TT 69: Other Low Temperature Topics: Cold Atomic Gases

TT 69.3: Talk

Wednesday, March 18, 2015, 15:30–15:45, A 053

Many-Body Anderson Localization of BECs in the Bose-Hubbard Model — •Roman Katzer1, Cord Müller2, and Johann Kroha11Universität Bonn — 2Université de Nice, France

We have developed the transport theory for a Bose gas in the disordered Bose-Hubbard model in the regime of strong interactions, i.e. in the vicinity of the Mott lobes of vanishing Bose-Einstein condensate (BEC) amplitude. In contrast to previous approaches, we consider the Bose glass not as a state with vanishing averaged BEC amplitude with finite compressibility, but as the phase with finite average BEC amplitude but vanishing superfluid transport due to many-body Anderson localization of the interacting BEC wave functions and their many-body excitations.

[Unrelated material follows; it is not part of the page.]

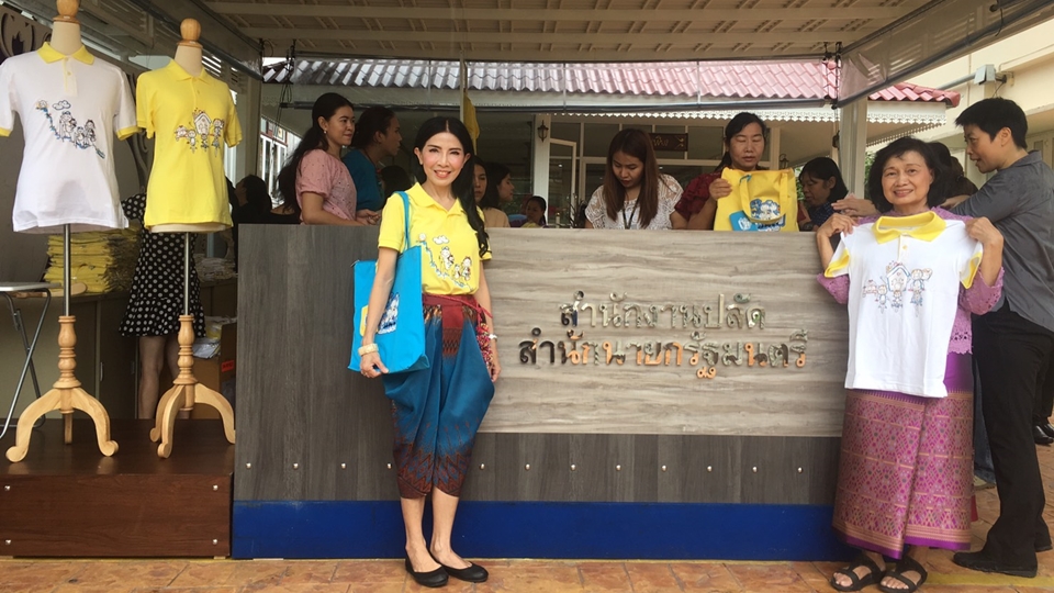 ผู้สื่อข่าวรายงานว่า วันนี้ (8 มิ.ย.) นางพัชราภรณ์ อินทรียงค์ ปลัดสำนักนายกรัฐมนตรี นำเสื้อโปโลสีเหลืองและสีขาว จากร้านจิตอาสา 904 เป็นเสื้อลายฝีพระหัตถ์ สมเด็จพระเจ้าอยู่หัวมหาวชิราลงกรณ บดินทรเทพยวรางกูร มาจำหน่ายด้านหน้าสำนักงานปลัดสำนักนายกรัฐมนตรี โดยลายเสื้อเป็นภาพวาดฝีพระหัตถ์ การละเล่นอย่างไทยหลากหลาย ราคาตัวละ 299 บาท นอกจากนี้ยังมีกระเป๋าผ้ามาจำหน่ายด้วย ซึ่งรัฐบาลเชิญชวนให้แต่งกายด้วยเสื้อผ้าโทนสีเหลือง โดยเฉพาะในช่วงเดือนกรกฎาคม เนื่องในโอกาสมหามงคลเฉลิมพระชนมพรรษา สมเด็จพระเจ้าอยู่หัว 66 พรรษา 28 กรกฎาคม 2561

The theory is based on a calculation of the local many-body ground and excited states within a stochastic mean-field theory, treating the on-site Hubbard interaction exactly by diagonalizing the local part of the Bose-Hubbard Hamitonian in Fock space. Non-local effects of the interaction are neglected, analogous to Dynamical Mean-Field Theory. The transport theory for these hopping many-body states, including quantum interference processes ("Cooperons") is formulated as a generalization of the self-consistent theory of Anderson localization. The theory describes semiquantitatively the Mott localized phase ("Mott lobes"), the superfluid phase and the Bose glass phase as well as the respective phase transitions. In particular, the theory obeys the theorem of inclusions which states that in a disordered system there is no direct transition from the Mott phase to the superfluid phase.